Variable-rate shading interaction

On GFX10.3, enabling DB_SHADER_CONTROL.PRIMITIVE_ORDERED_PIXEL_SHADER forces the shading rate to be 1x1, thus the fragmentShadingRateWithFragmentShaderInterlock Vulkan device property must be false.

On GFX11, by default, POPS itself can work with non-1x1 shading rates, and the fragmentShadingRateWithFragmentShaderInterlock property must be true. However, if PA_SC_VRS_SURFACE_CNTL_1.FORCE_SC_VRS_RATE_FINE_POPS is set, enabling POPS will force 1x1 shading rate.

The widest interlock granularity available on GFX11 — with the lowest possible Depth Block intrinsic rate, 1x — is per-fine-pixel, however.

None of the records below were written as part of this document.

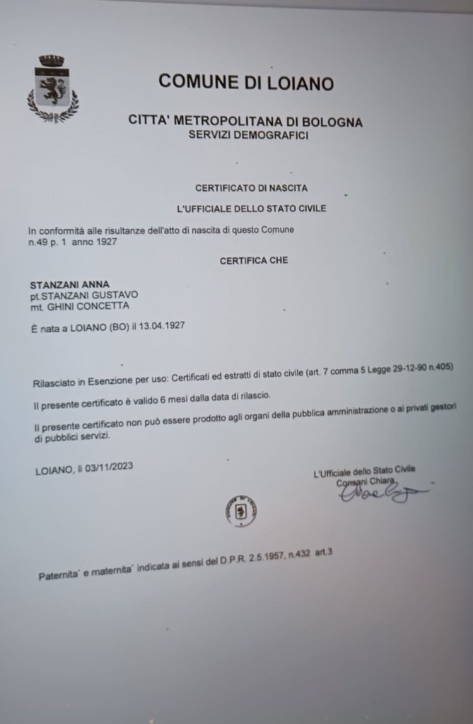 Il certificato di nascita di Anna Stanzani, nata a Loiano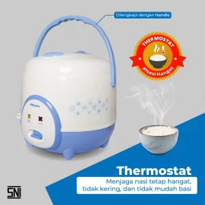 Merupakan penanak nasi dengan desain minimalis yang cocok untuk dapur Anda. Memiliki fungsi 3 in 1 yaitu sebagai pemasak nasi, mengukus, dan menghangatkan makanan. Bagian inner pot yang terbuat dari material berkualitas tinggi menjadikannya anti lengket, tidak mudah tergores dan sangat mudah untuk dibersihkan. Memiliki 3 element pemanas dibagian atas, tengah dan bawah yang menjadikan nasi matang lebih sempurna dan tahan hangat lebih lama.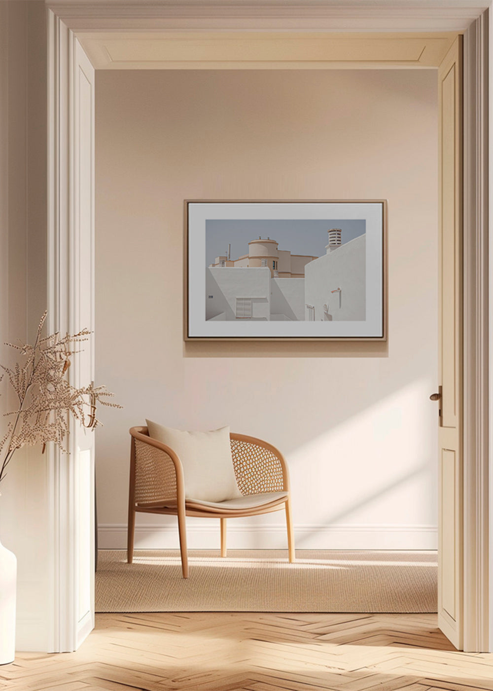 Alle unsere Rahmen werden in Spanien hergestellt. Die weißen, schwarzen und Eichenrahmen sind aus Ayous-Holz gefertigt, und die Eichenrahmen sind mit Eiche furniert, während die metallischen Rahmen aus Aluminium sind.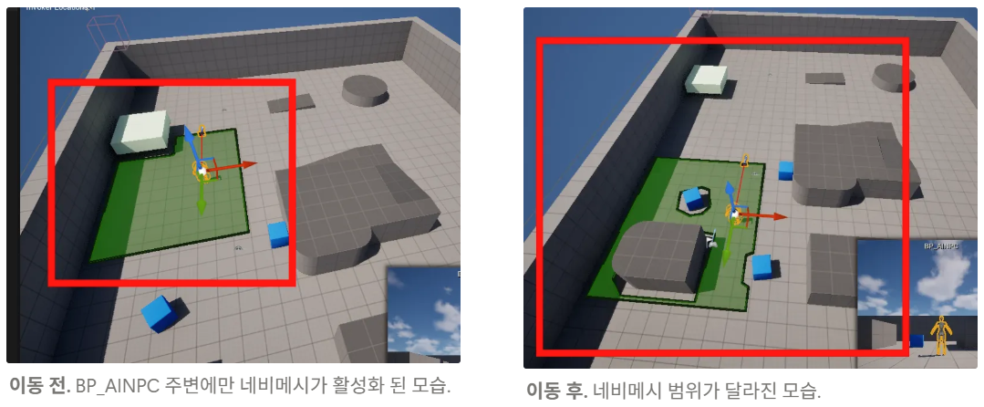 레벨 내 세팅 후 테스트 한 결과, 목표한 대로 BP_AINPC의 주변만 네비메시가 활성화 되는 모습이 확인된다.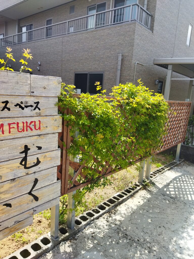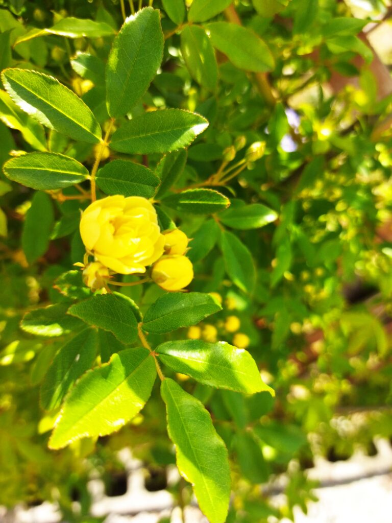 こむふくの前のラティスに、初めて黄色の木工バラが咲きます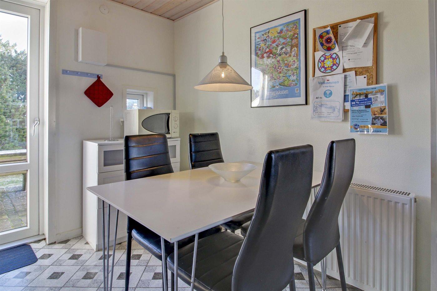 Køkkenet er udstyret med 1 køleskab. Der er 4 elkogeplader, bageovn, mikrobølgeovn.

There’s no synchronization between coarse fragment shader invocations if they don’t cover common fine pixels, so the fragmentShaderShadingRateInterlock Vulkan device feature is not available.

Additional configuration

These are some largely unresearched options found in the register declarations. PAL doesn’t use them, so it’s unknown if they make any significant difference. No effect was found in nvpro-samples/vk_order_independent_transparency during testing on GFX9 CHIP_RAVEN and GFX11 CHIP_NAVI31.

  • DB_SHADER_CONTROL.EXEC_IF_OVERLAPPED on GFX9–10.3.

  • PA_SC_BINNER_CNTL_0.BIN_MAPPING_MODE = BIN_MAP_MODE_POPS on GFX10+.